I have friends who spend the entire year working on gigantic metal sculptures in warehouses that they then cart out to the Burning Man site in Nevada. They go a couple of days before the event actually starts for the final assembly and installation.
Some other folks I know devote themselves to hobbies like fire twirling that seem mainly devoted to showing off their skills at Burning Man and which will be their contribution over the week of the event.
Everyone is expected to contribute somehow. You can join in a group art project. You can serve coffee in the morning. I know one girl whose contribution at a recent Burning Man was serving as a naked sushi table.
Depending upon your tastes and where you are in life, I gather the experience can be like a larger than life art show grafted onto a seven-day party laced with plentiful supplies of drugs, alcohol, sex, costumes and spectacular weirdness.
I’m finally going to Burning Man after hearing about it for twenty years and seeing people leave for the week and return, usually sunburned and both exhausted and exhilarated. I’m slowly getting sucked into the preparation for this event although a couple of friends are doing the heavy planning.
With the event only a couple of weeks away, the local Craigslist site is filled with Burning Man supplies.
Of course, there are tickets (starting at $380) and RV rentals. Then there are the bikes – usually less than $80, in questionable condition but with a decent chance of lasting the week. They are cheap enough that you won’t mind much if they get lost or left behind.
Costumes are a big deal. I see a furry kitty skirt, handmade gold and turquoise jumpers, a zebra dress and a grizzly bear coat. Furriness, sexy lamé shorts and anything that ever appeared in a Mad Max movie seem to be pretty popular.
One of the organizers of my group sent out an email asking how many strands of LED lights we wanted and what colors. They plug into a small battery pack so you can wander the desert at night with plenty of glow.
There is one day where everyone wears white so that has to be factored into the costume hunt. There is Mexican night and Asian night. Multiply 20,000 people times a half dozen Margaritas and glasses of sake each and you start to have an idea of the amounts of alcohol that will be arriving.
Theme camps are the heart of the Burning Man community and spirit. There are hundreds devoted to such themes as cats, bacon, gin, absinthe, pickles, Russian sauna, roller disco, bok choy, henna, sake, lemons, spanking, sugar, dance poles and martinis. And that’s omitting the ones devoted to some flavor of sexual experience.

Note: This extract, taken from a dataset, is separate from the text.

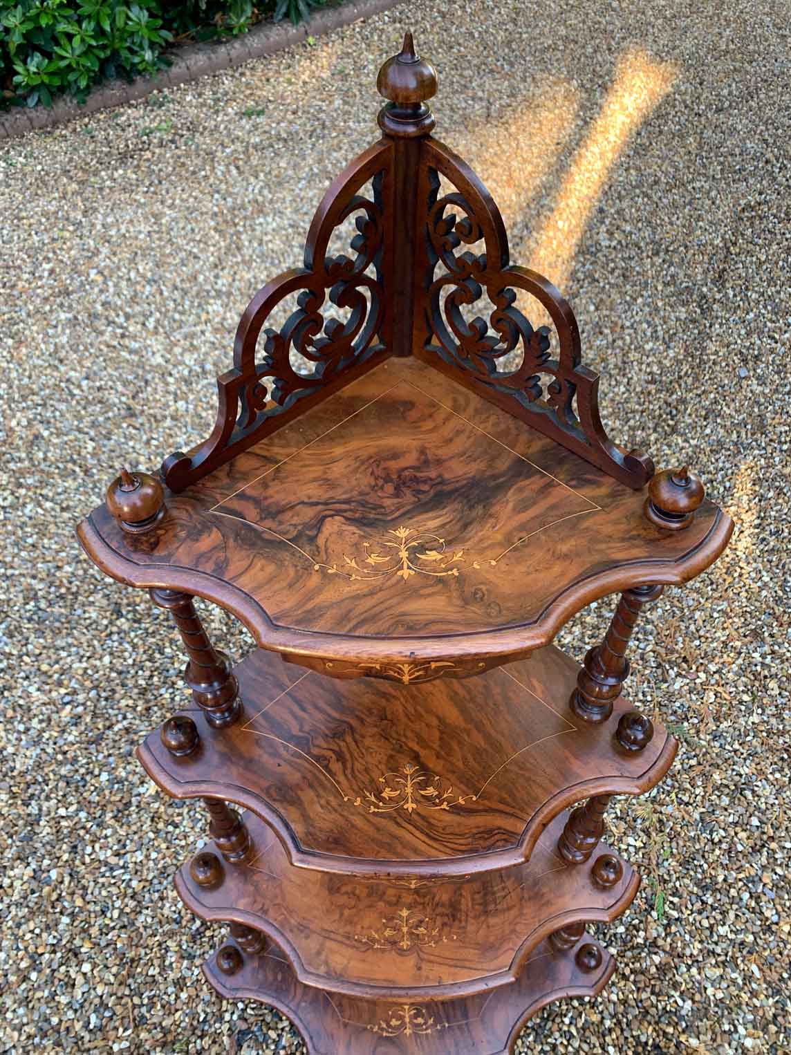 19th Century Victorian Burr Walnut Inlaid Corner Whatnot, with a fret carved gallery over four serpentine tiers raised on turned spiral columns, all standing on turned legs terminating in castors.
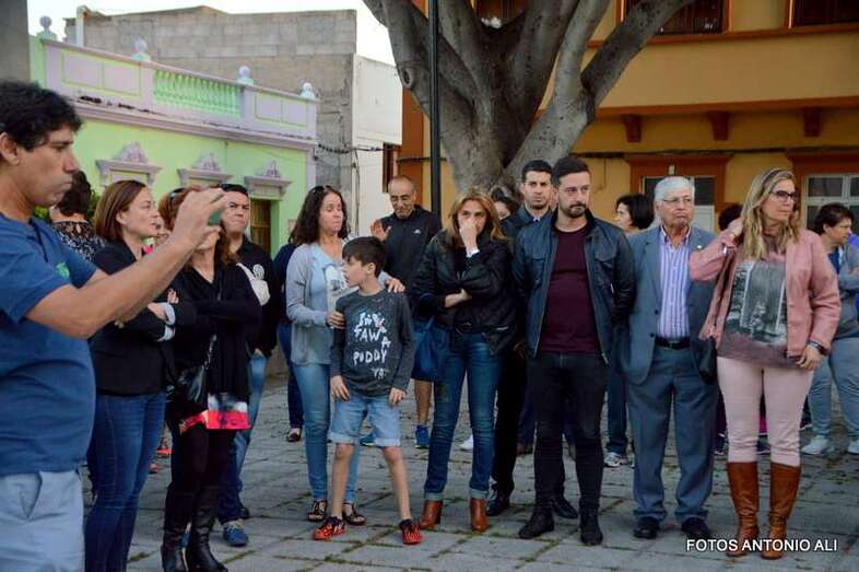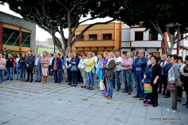 Decenas de personas, entre ellos varios concejales del Ayuntamiento de Telde y la consejera María Nebot, se concentraban esta tarde-noche (20.00 horas) en la plaza de Las Nieves, en el pago de Lomo Magullo, respondiendo a la llamada del colectivo vecinal La Talla. Ahí guardaban un minuto de respeto en señal de respeto y pesar por el presunto crimen machista que Ayoze R. Gil, vecino de este barrio del que era natural y en el que residía junto a Yurena L., habría cometido no muy lejos del pueblo, en una finca del Llano de La Palma.

I’ve been warned that the one way to feel left out of the Burning Man scene is if you don’t commit to a fairly serious costuming effort. Of course, you can always go the ‘no clothes’ route which is widely respected and, depending upon your physique, appreciated. I joked that I was just going to take a scissors and go through my closet. I also offered to go on a head gear hunt. I thought maybe an old hockey mask or an ancient football helmet like the one Jack Nicholson wore in Easy Rider might have a place.
I don’t know. The grizzly coat is looking better and better.